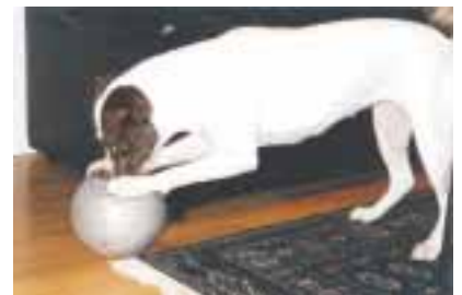
Nyt maistuu jo pallo, eikä yhden hampaan puuttuminen juurikaan häiritse!

SM 2001 Taakanvetäjä, amerikanbulldogginarttu Susy
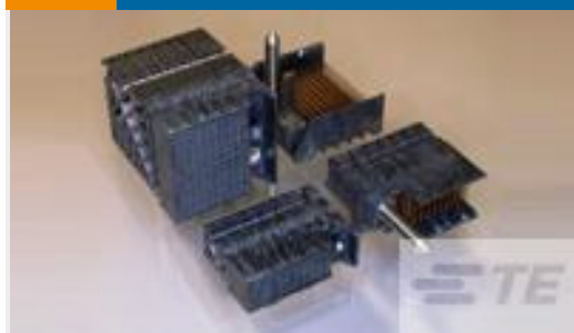
TE 系列/零件编号2143019-2 IMP100S,H,RA2P10C,RG, LEW39,4.9

────────────────────────────────────────

Give back every line of the material exactly as written, but not the pictures.

## REPLY
Nyt maistuu jo pallo, eikä yhden hampaan puuttuminen juurikaan häiritse!

SM 2001 Taakanvetäjä, amerikanbulldogginarttu Susy
TE 系列/零件编号2143019-2 IMP100S,H,RA2P10C,RG, LEW39,4.9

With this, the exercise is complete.